EXERCISE BRIEF
Please set down, with no changes, every line of the material below from the one containing "Lamellpanel tak med" through the end. Skip the pictures.

DATASET ENTRIES

▼

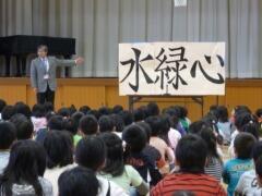全校集会が、体育館で行われました。体育館に入場する際も、無駄話もなく整然とできています。話を聞く態度も立派です。「わかりましたか。」の問いかけには、大きな声で「はい。」と素晴らしい反応もできています。私からは2つの話をしました。ひとつは、「水と緑と心の豊かな学校」をみんなでつくっていこうということ。もうひとつは、平野博文文部科学大臣からの、「新学期を迎えるみなさんへ」というメッセージについてです。羽吉先生からは、「用水路付近で遊んだり、いたずらをしない。」「連休中は、水の事故や交通事故に気をつける。」の2点についてのお話がありました。
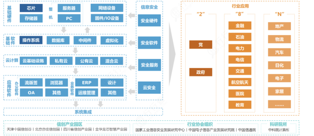 信创涉及到的行业包括(1)IT基础设施:CPU芯片、服务器、存储、交换机、路由器、各种云和相关服务内容,(2)基础软件:数据库、操作系统、中间件,(3)应用软件:OA、 ERP、办公软件、政务应用、流版签软件,(4)信息安全:边界安全产品、终端安全产品等。
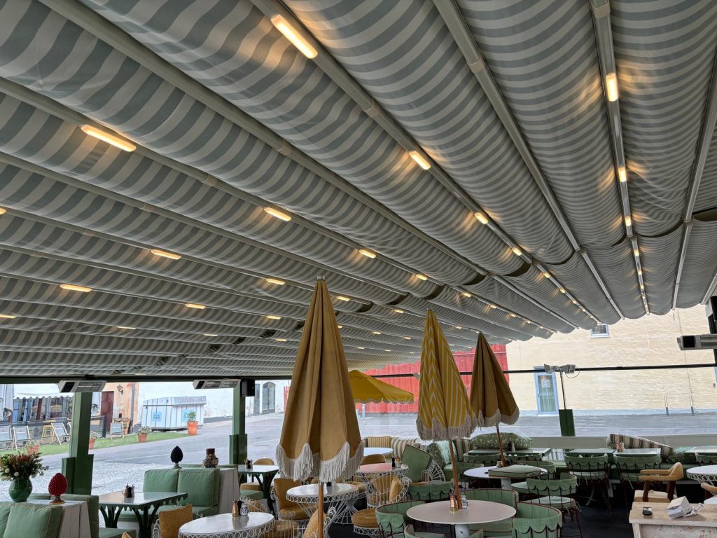 Lamellpanel tak med motordrivet inglasningssystem, skjutparti samt terrassmarkis
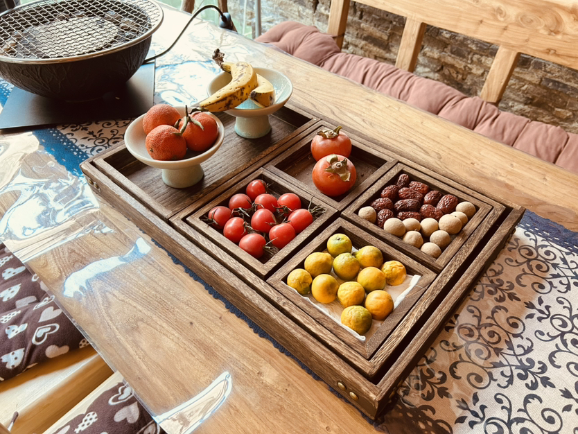 下午1点半,大家都已下山,继续驱车前往德清新市古镇,宛如展开一幅生动的江南水墨画卷,小桥流水人家,古镇的每一条街巷满是岁月的沧桑,青石板路上,每一步都踏出了历史的回响。街头巷尾,千年的丝绸文化在这里得以传承,每一匹绸缎都诉说着古老的故事。转角处的腊梅悄然绽放,暗香浮动,那一树树梅花,在寒风中傲立,仿佛在诉说着生命的坚韧与美好,给这初春的古镇增添了几分温婉与生机。新春将至,节日的气氛弥漫在每一个角落,张灯结彩,喜庆洋洋,热闹欢腾。围炉煮茶,是冬日里最温馨的享受。在河岸一隅,游人们三五围坐,品茶论道,分享着可口味美的小食,那热气腾腾的茶水,伴随着茶香,温暖着身心。上午运动一番,下午更有胃口大饱口福。谈及新市古镇的美食,不得不提那些百年传承的经典民俗小吃:元松羊肉面,酱制羊肉,汤浓肉烂,香气扑鼻,每一口都是对味蕾的极致诱惑,让人难以忘怀;广福楼面馆的手工面,筋道十足,搭配着秘制的酱料,让人回味无穷。还有当地非遗特色-梅花糕、茶糕、松糕,甜蜜软糯,每一口都像是品尝着江南的甜蜜与柔情。更不用说街巷间随处可见的糖葫芦、烧饼和油墩子,物美价廉,每一口都在唤醒童年的记忆。
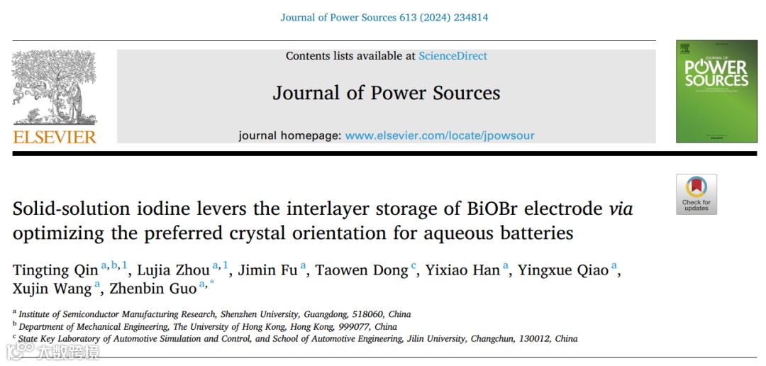近日,深圳大学郭镇斌团队在国际知名期刊《Journal of Power Sources》上发表了题为“Solid -solution iodine levers the interlayer storage of BiOBr electrode vi a optimizing the preferred crystal orientation for aqueous batteries”的研究文章。该研究利用简单的溶剂热方法将碘元素固溶到BiOBr层间,增强了优选的(110)晶面取向,这些晶面作为离子扩散通道的直接入口,并增强了与OH−的相互作用,从而优化了层间空间的利用。另一方面,固溶碘还有助于加速电荷转移动力学。这项工作提升了层状材料的层间储存能力,为最大化电荷存储和反应动力学中的层间空间利用提供了一个新的范式。
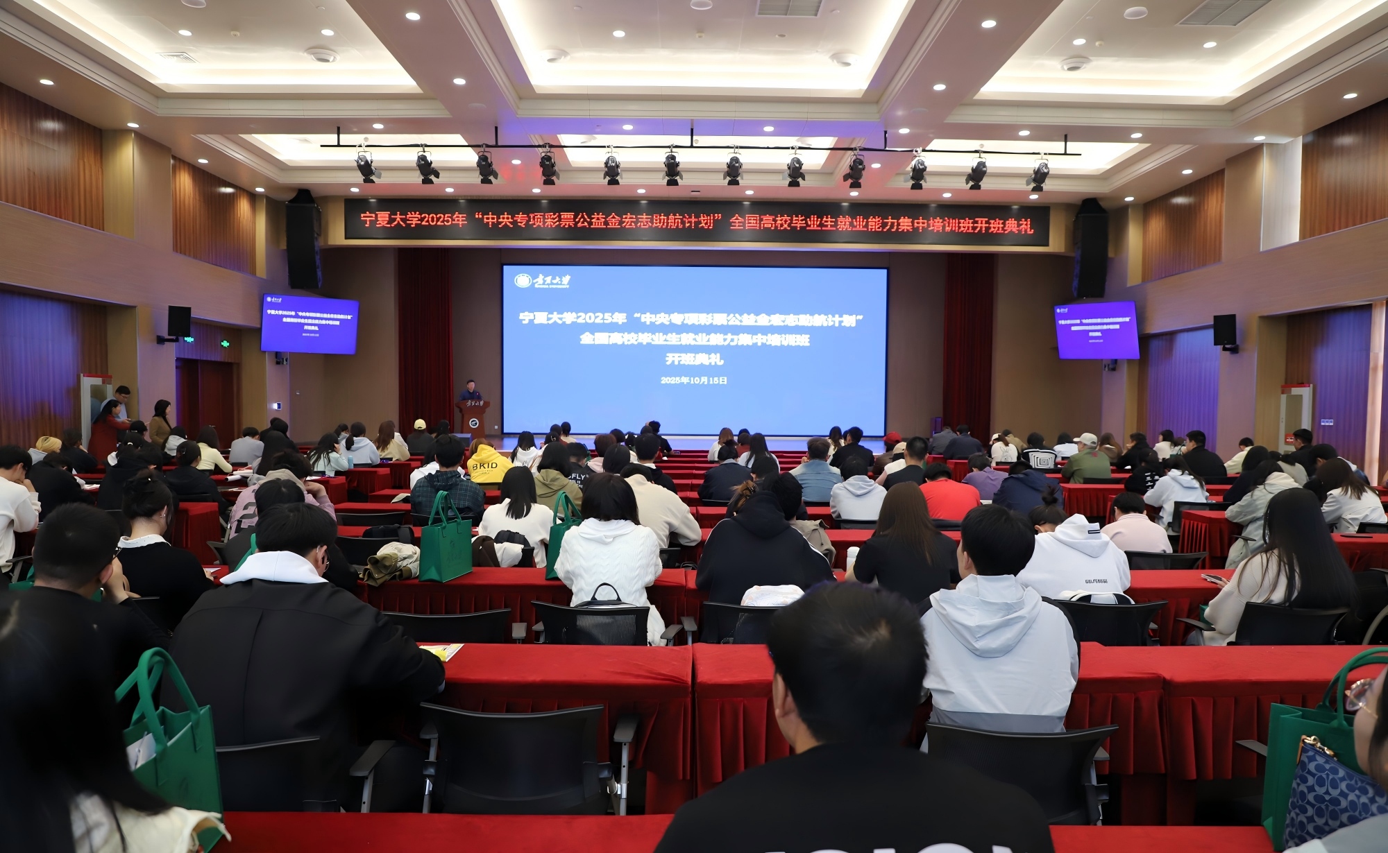 【永利集团304官网新闻中心讯 姬晓姗 文/图】为贯彻落实党中央、国务院决策部署,强化困难群体高校毕业生就业精准帮扶,帮助学生提升综合素质和就业能力,促进高质量充分就业,10月15日,2025年“中央专项彩票公益金宏志助航计划”毕业生就业能力培训班开班仪式在永利贺兰山校区笃行楼三楼报告厅举行。校党委常委、副校长黄河参加开班仪式。

▲

RESPONSE TO THE EXERCISE
 Lamellpanel tak med motordrivet inglasningssystem, skjutparti samt terrassmarkis
 下午1点半,大家都已下山,继续驱车前往德清新市古镇,宛如展开一幅生动的江南水墨画卷,小桥流水人家,古镇的每一条街巷满是岁月的沧桑,青石板路上,每一步都踏出了历史的回响。街头巷尾,千年的丝绸文化在这里得以传承,每一匹绸缎都诉说着古老的故事。转角处的腊梅悄然绽放,暗香浮动,那一树树梅花,在寒风中傲立,仿佛在诉说着生命的坚韧与美好,给这初春的古镇增添了几分温婉与生机。新春将至,节日的气氛弥漫在每一个角落,张灯结彩,喜庆洋洋,热闹欢腾。围炉煮茶,是冬日里最温馨的享受。在河岸一隅,游人们三五围坐,品茶论道,分享着可口味美的小食,那热气腾腾的茶水,伴随着茶香,温暖着身心。上午运动一番,下午更有胃口大饱口福。谈及新市古镇的美食,不得不提那些百年传承的经典民俗小吃:元松羊肉面,酱制羊肉,汤浓肉烂,香气扑鼻,每一口都是对味蕾的极致诱惑,让人难以忘怀;广福楼面馆的手工面,筋道十足,搭配着秘制的酱料,让人回味无穷。还有当地非遗特色-梅花糕、茶糕、松糕,甜蜜软糯,每一口都像是品尝着江南的甜蜜与柔情。更不用说街巷间随处可见的糖葫芦、烧饼和油墩子,物美价廉,每一口都在唤醒童年的记忆。
近日,深圳大学郭镇斌团队在国际知名期刊《Journal of Power Sources》上发表了题为“Solid -solution iodine levers the interlayer storage of BiOBr electrode vi a optimizing the preferred crystal orientation for aqueous batteries”的研究文章。该研究利用简单的溶剂热方法将碘元素固溶到BiOBr层间,增强了优选的(110)晶面取向,这些晶面作为离子扩散通道的直接入口,并增强了与OH−的相互作用,从而优化了层间空间的利用。另一方面,固溶碘还有助于加速电荷转移动力学。这项工作提升了层状材料的层间储存能力,为最大化电荷存储和反应动力学中的层间空间利用提供了一个新的范式。
 【永利集团304官网新闻中心讯 姬晓姗 文/图】为贯彻落实党中央、国务院决策部署,强化困难群体高校毕业生就业精准帮扶,帮助学生提升综合素质和就业能力,促进高质量充分就业,10月15日,2025年“中央专项彩票公益金宏志助航计划”毕业生就业能力培训班开班仪式在永利贺兰山校区笃行楼三楼报告厅举行。校党委常委、副校长黄河参加开班仪式。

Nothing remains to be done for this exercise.